Entries provided ::
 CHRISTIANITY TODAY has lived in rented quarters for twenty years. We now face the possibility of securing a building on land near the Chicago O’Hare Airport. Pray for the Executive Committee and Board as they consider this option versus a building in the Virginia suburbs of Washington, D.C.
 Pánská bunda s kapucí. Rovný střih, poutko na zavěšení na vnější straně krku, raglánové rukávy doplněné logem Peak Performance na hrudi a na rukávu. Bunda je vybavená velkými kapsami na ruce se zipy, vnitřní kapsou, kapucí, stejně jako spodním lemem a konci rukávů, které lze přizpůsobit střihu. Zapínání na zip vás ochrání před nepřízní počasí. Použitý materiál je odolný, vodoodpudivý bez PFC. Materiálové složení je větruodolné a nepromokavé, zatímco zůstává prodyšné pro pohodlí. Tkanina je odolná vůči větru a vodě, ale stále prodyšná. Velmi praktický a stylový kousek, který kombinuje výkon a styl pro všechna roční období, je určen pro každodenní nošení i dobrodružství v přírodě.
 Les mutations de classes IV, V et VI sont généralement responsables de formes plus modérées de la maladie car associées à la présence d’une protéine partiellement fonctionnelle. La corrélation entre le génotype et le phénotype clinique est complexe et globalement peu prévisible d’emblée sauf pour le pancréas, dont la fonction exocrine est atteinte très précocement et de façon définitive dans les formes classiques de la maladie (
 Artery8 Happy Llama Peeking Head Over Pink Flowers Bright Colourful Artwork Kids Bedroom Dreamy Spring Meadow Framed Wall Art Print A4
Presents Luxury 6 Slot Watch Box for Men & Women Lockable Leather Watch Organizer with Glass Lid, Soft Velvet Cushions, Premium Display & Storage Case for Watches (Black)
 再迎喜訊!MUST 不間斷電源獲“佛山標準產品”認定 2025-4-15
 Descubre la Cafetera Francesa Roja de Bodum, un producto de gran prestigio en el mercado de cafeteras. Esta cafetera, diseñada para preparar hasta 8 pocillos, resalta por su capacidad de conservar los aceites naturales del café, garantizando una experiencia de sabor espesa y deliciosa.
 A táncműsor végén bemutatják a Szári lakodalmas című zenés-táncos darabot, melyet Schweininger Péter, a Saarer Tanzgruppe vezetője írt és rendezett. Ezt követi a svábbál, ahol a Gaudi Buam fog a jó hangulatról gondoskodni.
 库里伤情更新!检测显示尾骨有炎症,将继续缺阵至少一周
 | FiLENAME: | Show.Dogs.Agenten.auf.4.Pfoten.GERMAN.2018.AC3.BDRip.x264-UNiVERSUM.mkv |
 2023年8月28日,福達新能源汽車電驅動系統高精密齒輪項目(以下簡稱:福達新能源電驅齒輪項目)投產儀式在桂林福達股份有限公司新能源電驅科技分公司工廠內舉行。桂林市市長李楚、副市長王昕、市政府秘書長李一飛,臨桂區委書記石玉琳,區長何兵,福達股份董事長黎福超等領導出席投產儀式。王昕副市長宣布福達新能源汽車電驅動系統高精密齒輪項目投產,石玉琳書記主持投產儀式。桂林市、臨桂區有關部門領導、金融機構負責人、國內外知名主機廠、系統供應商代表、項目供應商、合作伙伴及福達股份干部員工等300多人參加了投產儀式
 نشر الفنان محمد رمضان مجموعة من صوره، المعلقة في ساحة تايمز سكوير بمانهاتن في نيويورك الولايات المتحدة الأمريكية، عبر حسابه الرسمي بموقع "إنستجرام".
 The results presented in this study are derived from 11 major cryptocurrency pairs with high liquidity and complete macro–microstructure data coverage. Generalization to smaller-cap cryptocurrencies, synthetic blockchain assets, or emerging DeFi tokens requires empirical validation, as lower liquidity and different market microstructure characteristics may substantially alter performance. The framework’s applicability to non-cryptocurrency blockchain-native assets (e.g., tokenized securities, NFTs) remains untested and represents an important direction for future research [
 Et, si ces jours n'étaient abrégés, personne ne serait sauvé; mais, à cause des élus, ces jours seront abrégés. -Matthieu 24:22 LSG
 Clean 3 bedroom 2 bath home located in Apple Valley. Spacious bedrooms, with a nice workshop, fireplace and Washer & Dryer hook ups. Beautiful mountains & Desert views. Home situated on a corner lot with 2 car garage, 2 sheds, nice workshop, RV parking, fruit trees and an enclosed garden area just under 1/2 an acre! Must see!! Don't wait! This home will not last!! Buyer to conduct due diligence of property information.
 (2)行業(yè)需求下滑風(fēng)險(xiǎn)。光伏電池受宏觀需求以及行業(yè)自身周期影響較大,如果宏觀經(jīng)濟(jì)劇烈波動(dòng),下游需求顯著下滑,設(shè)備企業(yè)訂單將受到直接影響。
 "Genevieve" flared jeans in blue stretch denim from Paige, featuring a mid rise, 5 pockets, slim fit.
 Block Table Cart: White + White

Directions for this task :: For each line of the entries that contains the word "with", make a copy.

The answer ::
Presents Luxury 6 Slot Watch Box for Men & Women Lockable Leather Watch Organizer with Glass Lid, Soft Velvet Cushions, Premium Display & Storage Case for Watches (Black)
 The results presented in this study are derived from 11 major cryptocurrency pairs with high liquidity and complete macro–microstructure data coverage. Generalization to smaller-cap cryptocurrencies, synthetic blockchain assets, or emerging DeFi tokens requires empirical validation, as lower liquidity and different market microstructure characteristics may substantially alter performance. The framework’s applicability to non-cryptocurrency blockchain-native assets (e.g., tokenized securities, NFTs) remains untested and represents an important direction for future research [
 Clean 3 bedroom 2 bath home located in Apple Valley. Spacious bedrooms, with a nice workshop, fireplace and Washer & Dryer hook ups. Beautiful mountains & Desert views. Home situated on a corner lot with 2 car garage, 2 sheds, nice workshop, RV parking, fruit trees and an enclosed garden area just under 1/2 an acre! Must see!! Don't wait! This home will not last!! Buyer to conduct due diligence of property information.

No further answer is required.